I like my own definition of alignment vs. capabilities research better:
”Alignment research is when your research goals are primarily about how to make AIs aligned; capabilities research is when your research goals are primarily about how to make AIs more capable.”
I think it’s very important that lots of people currently doing capabilities research switch to doing alignment research. That is, I think it’s very important that lots of people who are currently waking up every day thinking ‘how can I design a training run that will result in AGI?’ switch to waking up every day thinking ‘Suppose my colleagues do in fact get to AGI in something like the current paradigm, and they apply standard alignment techniques—what would happen? Would it be aligned? How can I improve the odds that it would be aligned?’
Whereas I don’t think it’s particularly important that e.g. people switch from scalable oversight to agent foundations research. (In fact it might even be harmful lol)
What if your research goal is “I’d like to understand how neural networks work?” This is not research primarily about how to make AIs aligned. We tend to hypothesize, as a community, that it will help with alignment more than it helps with capabilities. But that’s not an inherent part of the research goal for many interpretability researchers.
(Same for “I’d like to understand how agency works”, which is a big motivation for many agent foundations researchers.)
Conversely, what if your research goal is “I’m going to design a training run that will produce a frontier model, so that we can study it to advance alignment research”? Seems odd, but I’d bet that (e.g.) a chunk of Anthropic’s scaling team thinks this way. Counts as alignment under your definition, since that’s the primary goal of the research.

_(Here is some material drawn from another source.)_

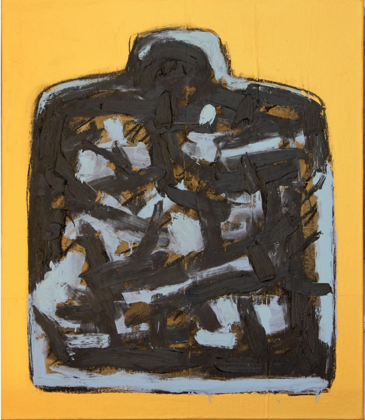
ICONA RIBELLE olio ed oro su tela cm 70x60 (2016)

More generally, I think it’s actually a very important component of science that people judge the research itself, not the motivations behind it—since historically scientific breakthroughs have often come from people who were disliked by establishment scientists. A definition that basically boils down to “alignment research is whatever research is done by the people with the right motivations” makes it very easy to prioritize the ingroup. I do think that historically being motivated by alignment has correlated with choosing valuable research directions from an alignment perspective (like mech interp instead of more shallow interp techniques) but I think we can mostly capture that difference by favoring more principled, robust, generalizable research (as per my definitions in the post).
Whereas I don’t think it’s particularly important that e.g. people switch from scalable oversight to agent foundations research. (In fact it might even be harmful lol)
I agree. I’ll add a note in the post saying that the point you end up on the alignment spectrum should also account for feasibility of the research direction.
Though note that we can interpret your definition as endorsing this too: if you really hate the idea of making AIs more capable, then that might motivate you to switch from scalable oversight to agent foundations, since scalable oversight will likely be more useful for capabilities progress.
Answering your first question. If you truly aren’t trying to make AGI, and you truly aren’t trying to align AGI, and instead are just purely intrinsically interested in how neural networks work (perhaps you are an academic?) …great! That’s neither capabilities nor alignment research afaict, but basic science. Good for you. I still think it would be better if you switched to doing alignment research (e.g. you could switch to ’i want to understand how neural networks work… so that I can understand how a prosaic AGI system being RLHF’d might behave when presented with genuine credible opportunities for takeover + lots of time to think about what to do) but I don’t feel so strongly about it as I would if you were doing capabilities research.
re: judging the research itself rather than the motivations: idk I think it’s actually easier, and less subjective, to judge the motivations, at least in this case. People usually just state what their motivations are. Also I’m not primarily trying to judge people, I’m trying to exhort people—I’m giving people advice about what they should do to make the world a better place, I’m not e.g. talking about which research should be published and which should be restricted (I’m generally in favor of publishing research with maybe a few exceptions, but I think corporations on the margin should publish more) Moreover it’s much easier for the researcher to judge their own motivations, than for them to judge the long-term impact of their work or to fit it into your diagram.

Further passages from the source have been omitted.